§ **WHAT TO DO**:
Reproduce the listing below as it stands. Leave out each image.

*** INFORMATION SUPPLIED ***

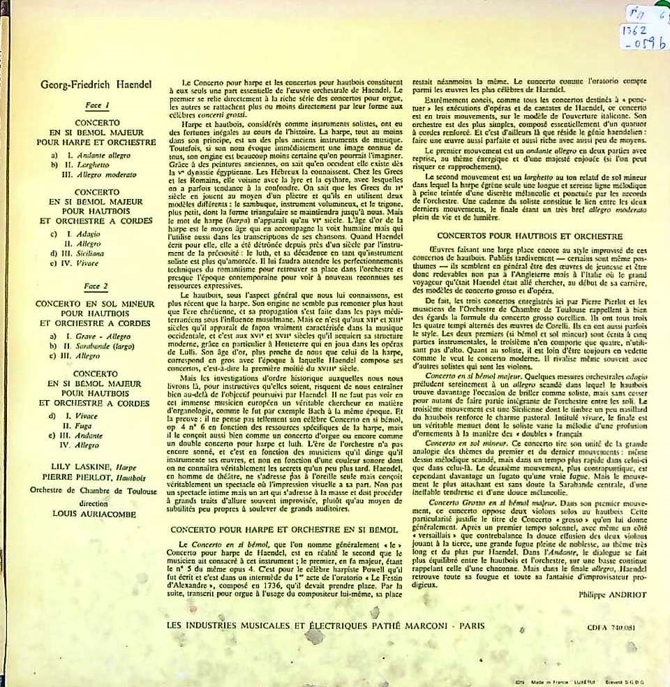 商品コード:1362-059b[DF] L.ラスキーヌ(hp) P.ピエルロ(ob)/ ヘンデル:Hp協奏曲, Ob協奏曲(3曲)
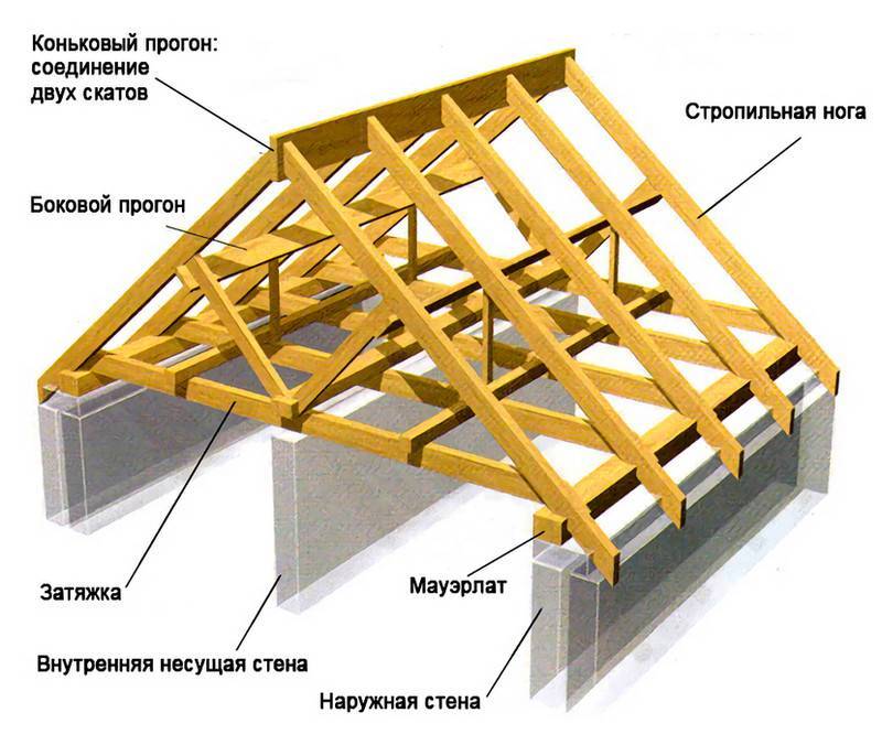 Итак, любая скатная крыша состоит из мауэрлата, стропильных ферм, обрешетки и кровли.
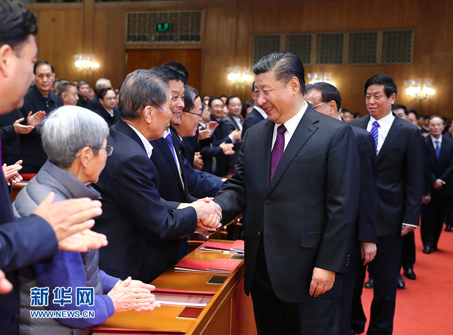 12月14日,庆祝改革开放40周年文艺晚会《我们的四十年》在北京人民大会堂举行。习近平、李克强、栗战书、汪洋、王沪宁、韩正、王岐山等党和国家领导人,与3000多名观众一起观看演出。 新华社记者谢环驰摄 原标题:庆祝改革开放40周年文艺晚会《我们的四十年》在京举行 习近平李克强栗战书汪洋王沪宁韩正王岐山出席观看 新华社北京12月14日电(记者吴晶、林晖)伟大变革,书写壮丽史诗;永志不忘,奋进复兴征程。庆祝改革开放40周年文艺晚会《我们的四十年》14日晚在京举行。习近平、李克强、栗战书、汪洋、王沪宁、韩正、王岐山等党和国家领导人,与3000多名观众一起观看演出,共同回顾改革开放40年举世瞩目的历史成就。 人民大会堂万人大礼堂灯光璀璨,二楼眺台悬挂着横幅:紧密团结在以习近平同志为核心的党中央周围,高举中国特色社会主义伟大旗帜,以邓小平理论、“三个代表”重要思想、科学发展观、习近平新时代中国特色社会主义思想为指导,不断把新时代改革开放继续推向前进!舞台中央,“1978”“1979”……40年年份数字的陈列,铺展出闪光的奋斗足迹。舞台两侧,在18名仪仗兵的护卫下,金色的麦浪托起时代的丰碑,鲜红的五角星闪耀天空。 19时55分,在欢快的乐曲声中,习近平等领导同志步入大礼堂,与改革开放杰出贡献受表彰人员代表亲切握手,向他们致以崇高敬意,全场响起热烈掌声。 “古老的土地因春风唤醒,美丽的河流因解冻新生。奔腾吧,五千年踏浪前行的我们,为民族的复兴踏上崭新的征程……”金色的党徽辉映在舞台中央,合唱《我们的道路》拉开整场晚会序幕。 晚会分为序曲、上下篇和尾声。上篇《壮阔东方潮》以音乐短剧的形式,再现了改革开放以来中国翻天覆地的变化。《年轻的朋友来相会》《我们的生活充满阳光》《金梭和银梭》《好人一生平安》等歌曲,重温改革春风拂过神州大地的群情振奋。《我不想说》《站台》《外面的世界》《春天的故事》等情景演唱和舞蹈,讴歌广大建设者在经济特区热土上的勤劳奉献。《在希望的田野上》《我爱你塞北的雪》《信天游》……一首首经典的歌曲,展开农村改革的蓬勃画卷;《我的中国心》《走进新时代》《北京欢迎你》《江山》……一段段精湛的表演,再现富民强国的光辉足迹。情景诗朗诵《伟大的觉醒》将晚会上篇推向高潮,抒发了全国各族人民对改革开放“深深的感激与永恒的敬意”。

*** End of INFORMATION SUPPLIED ***

§ **EXERCISE RESULT**:
 商品コード:1362-059b[DF] L.ラスキーヌ(hp) P.ピエルロ(ob)/ ヘンデル:Hp協奏曲, Ob協奏曲(3曲)
 Итак, любая скатная крыша состоит из мауэрлата, стропильных ферм, обрешетки и кровли.
 12月14日,庆祝改革开放40周年文艺晚会《我们的四十年》在北京人民大会堂举行。习近平、李克强、栗战书、汪洋、王沪宁、韩正、王岐山等党和国家领导人,与3000多名观众一起观看演出。 新华社记者谢环驰摄 原标题:庆祝改革开放40周年文艺晚会《我们的四十年》在京举行 习近平李克强栗战书汪洋王沪宁韩正王岐山出席观看 新华社北京12月14日电(记者吴晶、林晖)伟大变革,书写壮丽史诗;永志不忘,奋进复兴征程。庆祝改革开放40周年文艺晚会《我们的四十年》14日晚在京举行。习近平、李克强、栗战书、汪洋、王沪宁、韩正、王岐山等党和国家领导人,与3000多名观众一起观看演出,共同回顾改革开放40年举世瞩目的历史成就。 人民大会堂万人大礼堂灯光璀璨,二楼眺台悬挂着横幅:紧密团结在以习近平同志为核心的党中央周围,高举中国特色社会主义伟大旗帜,以邓小平理论、“三个代表”重要思想、科学发展观、习近平新时代中国特色社会主义思想为指导,不断把新时代改革开放继续推向前进!舞台中央,“1978”“1979”……40年年份数字的陈列,铺展出闪光的奋斗足迹。舞台两侧,在18名仪仗兵的护卫下,金色的麦浪托起时代的丰碑,鲜红的五角星闪耀天空。 19时55分,在欢快的乐曲声中,习近平等领导同志步入大礼堂,与改革开放杰出贡献受表彰人员代表亲切握手,向他们致以崇高敬意,全场响起热烈掌声。 “古老的土地因春风唤醒,美丽的河流因解冻新生。奔腾吧,五千年踏浪前行的我们,为民族的复兴踏上崭新的征程……”金色的党徽辉映在舞台中央,合唱《我们的道路》拉开整场晚会序幕。 晚会分为序曲、上下篇和尾声。上篇《壮阔东方潮》以音乐短剧的形式,再现了改革开放以来中国翻天覆地的变化。《年轻的朋友来相会》《我们的生活充满阳光》《金梭和银梭》《好人一生平安》等歌曲,重温改革春风拂过神州大地的群情振奋。《我不想说》《站台》《外面的世界》《春天的故事》等情景演唱和舞蹈,讴歌广大建设者在经济特区热土上的勤劳奉献。《在希望的田野上》《我爱你塞北的雪》《信天游》……一首首经典的歌曲,展开农村改革的蓬勃画卷;《我的中国心》《走进新时代》《北京欢迎你》《江山》……一段段精湛的表演,再现富民强国的光辉足迹。情景诗朗诵《伟大的觉醒》将晚会上篇推向高潮,抒发了全国各族人民对改革开放“深深的感激与永恒的敬意”。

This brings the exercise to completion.